AMD Instinct MI355X GPUs Power DeepSeek-V3.2-Exp

Oct 03, 2025

AMD is proud to support DeepSeek-V3.2-Exp, the latest release from DeepSeek AI, optimized to run on our flagship AMD Instinct™ MI355X GPUs.

DeepSeek-V3.2-Exp introduces DeepSeek Sparse Attention (DSA), a groundbreaking sparse attention mechanism that dramatically improves efficiency for long-context tasks. This innovation makes it an excellent match for the massive bandwidth and compute density of MI355X accelerators.

DeepSeek-V3.2-Exp: Model Architecture

DeepSeek-V3.2-Exp builds upon the V3.1-Terminus checkpoint with a revolutionary sparse attention mechanism designed to optimize training and inference efficiency in long-context scenarios.

DeepSeek Sparse Attention (DSA)

The key innovation in V3.2-Exp is the introduction of DeepSeek Sparse Attention, a two-stage attention mechanism that dramatically reduces computational complexity:

1. Lightning Indexer

A lightweight, high-speed scanner that rapidly scores all preceding tokens
Determines relevance for any given query token using a small number of attention heads
Operates in FP8 precision for maximum efficiency
Identifies the most relevant excerpts from the entire context window

2. Fine-Grained Token Selection

Performs precise top-K token selection across the entire document
Only the most relevant tokens (top 2048 key-value pairs per query) are processed by the main attention mechanism
Maintains output quality on par with V3.1-Terminus while dramatically reducing compute

Computational Efficiency

Complexity Reduction: DSA reduces the attention computation from O(L²) to O(Lk), where L is sequence length and k is a fixed number of selected tokens.

Performance Gains:

Up to 64x speedup for sequences of 128,000 tokens [1]
50%+ reduction in API costs for long-context operations [2]
2-3x faster inference compared to dense attention on long contexts [3]
30-40% reduction in memory usage [3]
50% improvement in training efficiency [3]

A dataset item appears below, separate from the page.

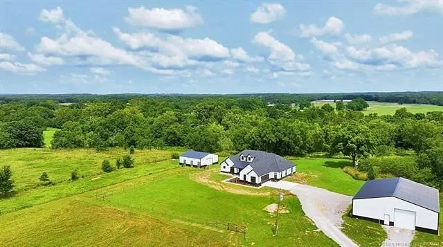 Discover the epitome of modern living with this custom-built 2023 home, designed with energy efficiency at its core. Boasting 2x6 exterior walls, solid surface window ledges, and full encapsulation, this residence offers unparalleled comfort and sustainability. Step inside this exquisite 4 bedroom, 2.5 bath home and be greeted by luxurious features. The spacious living room, highlighted by a sleek fireplace, flows seamlessly into the open floor plan, connecting the formal dining room, large breakfast room, and gourmet kitchen. Culinary enthusiasts will appreciate the kitchen's top-of-the-line 6-burner gas range, double oven, pot filler, granite countertops, quartz-topped work island with prep sink, ice machine, restaurant-style fridge/freezer combo, walk-in pantry, and butler's pantry/coffee bar with vivid custom tiles. Easily work from home in the office with built-ins, and enjoy the convenience of a built-in pet nook for your furry friends. The primary bedroom features an oversized layout, a designer geometric accent wall and a spa-like bath with a soaking tub, tiled shower and an enviable closet. Natural light floods the home through large windows, and the covered patio, accessible via sliding glass doors, offers a tranquil outdoor space with a remote-controlled Phantom Screen for privacy, temperature regulation and insect deterrence. Set on 20 acres, this property is perfect for horse enthusiasts, complete with a 3-stall barn and horse run. The 50x60 insulated shop with HVAC, living quarters, and drive-through 12' overhead doors is ideal for storing your boat, RV, or tractor, and includes a 50amp outlet. Enjoy summer fun by the small pond and along 14 Mile Creek with its solid rock bottom, located on the north property line. The gated entrance and the distance from the county road ensure utmost privacy, making this home a secluded sanctuary. Don't miss the opportunity to own this property that combines luxury, functionality, and natural beauty.

Real-World Cost Impact: For a 128K context window, inference costs dropped from $2.20 to $0.25—a 10x cost reduction [3].

Training Approach

DeepSeek employed a multi-phase training strategy:

Warmup Phase: 2.1B tokens used to train the lightning indexer while keeping the main model frozen
Sparse Training: 943.7B tokens of continued pretraining with full sparse attention enabled
Specialization: 5 specialized models (coding, math, etc.) trained via reinforcement learning, then distilled into the final checkpoint

AMD Instinct MI355X: Built for AI at Scale

The AMD Instinct MI355X is an AI accelerator designed to push the boundaries of training and inference for large-scale foundation models. Built on the CDNA 4 architecture, MI355X brings unprecedented performance and efficiency for next-generation AI workloads.

Key Specifications

Memory: 288 GB HBM3e
Memory Bandwidth: 8 TB/s
Peak Power: 1400W (OAM form factor with liquid cooling)
Architecture: CDNA 4
Performance (Peak Theoretical):
- FP16/BF16: 5.03 PFLOPS
- FP64: 78.6 TFLOPS
New Precision Formats: FP6 and FP4 for higher throughput in AI workloads

Key Features & Benefits

High-Performance AI: Optimized for both training and inference of massive foundation models.
Enhanced Efficiency: CDNA 4 architecture and new lower-precision formats (FP6, FP4) deliver improved efficiency and throughput.
Scalability: Built for deployment in multi-GPU clusters, enabling massive computational performance at scale.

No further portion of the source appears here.